Partial sequencing of the 16S-23S rDNA intergenic spacer showed two to four genotypes each for Borrelia hermsii and B. turicatae, both relapsing fever agents transmitted by argasid ticks, and for B. miyamotoi and B. lonestari, transmitted by ixodid ticks. Field surveys of Ixodes ticks in Connecticut and Sweden showed limited local diversity for B. miyamotoi.

The two major clades of species in the genus Borrelia are the Lyme borreliosis group and the relapsing fever group (1). The Lyme borreliosis group includes Borrelia burgdorferi, B. afzelii, B. garinii, and several other species not associated with human disease. The relapsing fever group includes several species, such as B. hermsii in the Nearctic ecologic region and B. persica in the Palearctic, that cause endemic relapsing fever in humans (2). The known relapsing fever agents are transmitted by soft (argasid) ticks, usually an Ornithodoros species. In 1995, B. miyamotoi was first isolated from Ixodes persulcatus hard (ixodid) ticks in Japan (3). Genomic DNA of the newly identified spirochete cross-hybridized to a greater extent with DNA of relapsing fever species than with DNA of Lyme borreliosis species. In 1996, B. lonestari was discovered in Amblyomma americanum, an ixodid tick of the southern and eastern United States (4,5). Although B. lonestari is associated with a Lyme borreliosis–like disorder in the southern United States (6), sequence analysis showed that B. lonestari, like B. miyamotoi, was in a clade with the relapsing fever group rather than the Lyme borreliosis group (4,5). More recently, spirochetes closely related to B. miyamotoi, and provisionally designated here as B. miyamotoi sensu lato (s.l.), were discovered in I. scapularis ticks in the United States (7) and I. ricinus ticks in Europe (8).

The Study

The public health importance of the newly discovered species remains to be determined.
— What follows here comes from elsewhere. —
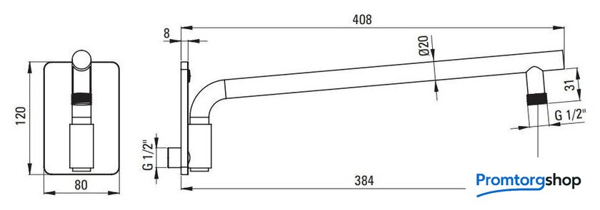 Вылет верхнего душа | 400 мм |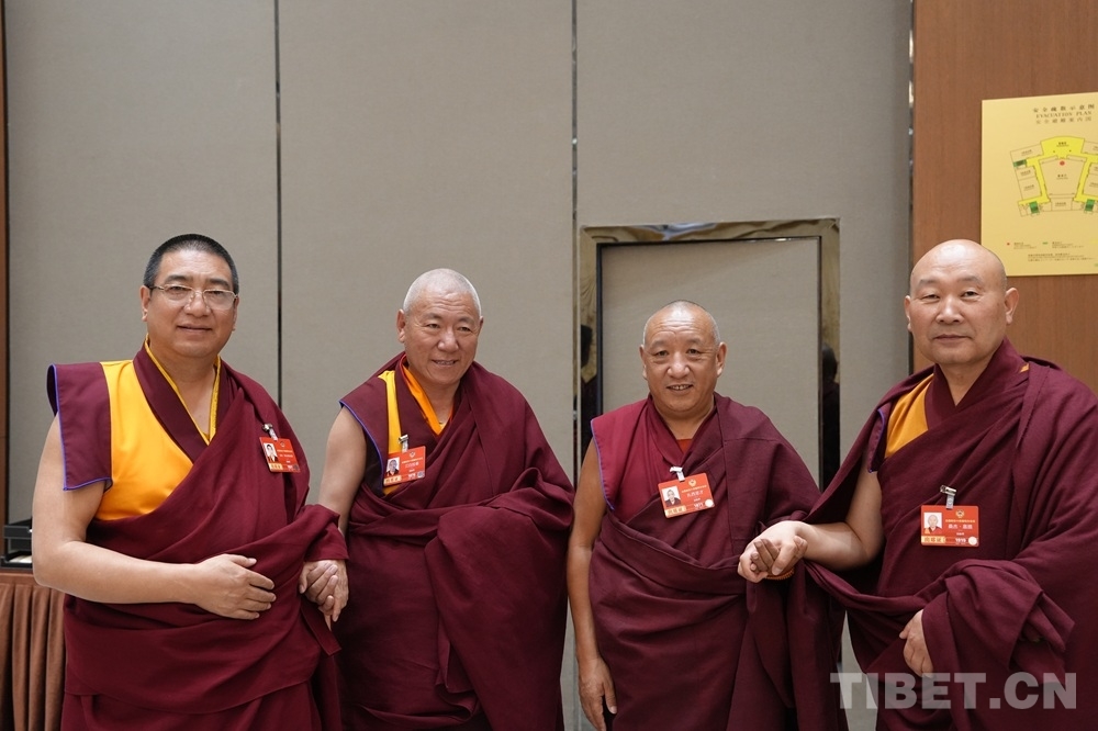两会喜相逢,多位宗教界政协委员在会议间歇合影留念,从左至右分别为:赛赤·确吉洛智嘉措、江白拉桑、扎西坚才、桑杰·嘉措

However, finding B. miyamotoi s.l. in I. scapularis, I. ricinus, and I. persulcatus, the predominant vectors of Lyme borreliosis in North America, Europe, and Asia, respectively, complicates interpreting epidemiologic studies of Lyme borreliosis and other ixodid-borne disorders. A method to identify and distinguish strains within species is needed to carry out studies of the population biology and of the possible etiologic roles of these organisms. Since most of these microorganisms are to date uncultivable or poorly cultivable, a method using DNA amplification by polymerase chain reaction (PCR) is preferable. On the basis of the findings of Liveris et al. (9), we further developed sequence analysis of the 16S-23S rRNA intergenic spacer (IGS) for strain typing and showed its advantages over other loci for the Lyme borreliosis agents B. burgdorferi and B. afzelii (10). For this study, we applied this approach to typing the new Borrelia spp. and included two relapsing fever agents, B. hermsii (endemic in the western and northwestern United States) and B. turicatae (endemic in the southwestern and south-central United States) (2).

Nine isolates of B. hermsii in our culture collection originated in New Mexico, Colorado, California, and Washington State and were either from Ornithodoros hermsi ticks, patients with relapsing fever, or, in one case, a bird (11). Two B. turicatae isolates were from O. turicata ticks from Texas and Kansas. B. miyamotoi strains HT24, HT31, and HK004 from I. persulcatus ticks and strains NB103-1 and FR64b from Apodemus spp. mice were from Hokkaido, Japan (3,12). Cultivable strains of these species were grown in Barbour-Stoenner-Kelly II medium. Uncultivated species were initially identified in total DNA extracts of ticks by using Borrelia genus–specific PCR, targeting flaB gene (5). Approximately 2% of A. americanum nymphs and adult females in collections from different areas of New Jersey, Illinois, and Missouri contained B. lonestari. B. miyamotoi s.l. spirochetes were identified in I. scapularis nymphs collected at a 7.2-ha field site in southern Connecticut and in I. ricinus nymphs collected at a 1.5-ha site in Blekinge County in Sweden (10). A Connecticut strain of B. miyamotoi s.l. strain was maintained in Mus musculus (7).

Part of the intergenic spacer was amplified by PCR with primers for the 3′ end of the 16S rRNA gene and the ileT tRNA gene (10). As a comparison to the intergenic spacer locus and to assess linkage disequilibrium, we also partially sequenced the chromosomal gene for the P66 outer membrane protein (10,13) after amplification by PCR as described in the Table footnotes. The PCR products were either directly sequenced or first cloned into pCR2.1-TOPO vector (Invitrogen, Carlsbad, CA) before sequencing on a Beckman CEQ 8000 (Beckman Coulter, Fullerton, CA) automated sequencer. The sequences were aligned automatically by using Clustal X software (http://www-igbmc.u-strasbg.fr/BioInfo/ClustalX) and then manually with MacCLADE version 4.05 (http://macclade.org/macclade.html) (10). The maximum lengths of the alignments (http://spiro.mmg.uci.edu/data) were set by the shortest available sequence. Accession numbers for the deposited sequences are given in the legend for the Figure and in a footnote for the Table.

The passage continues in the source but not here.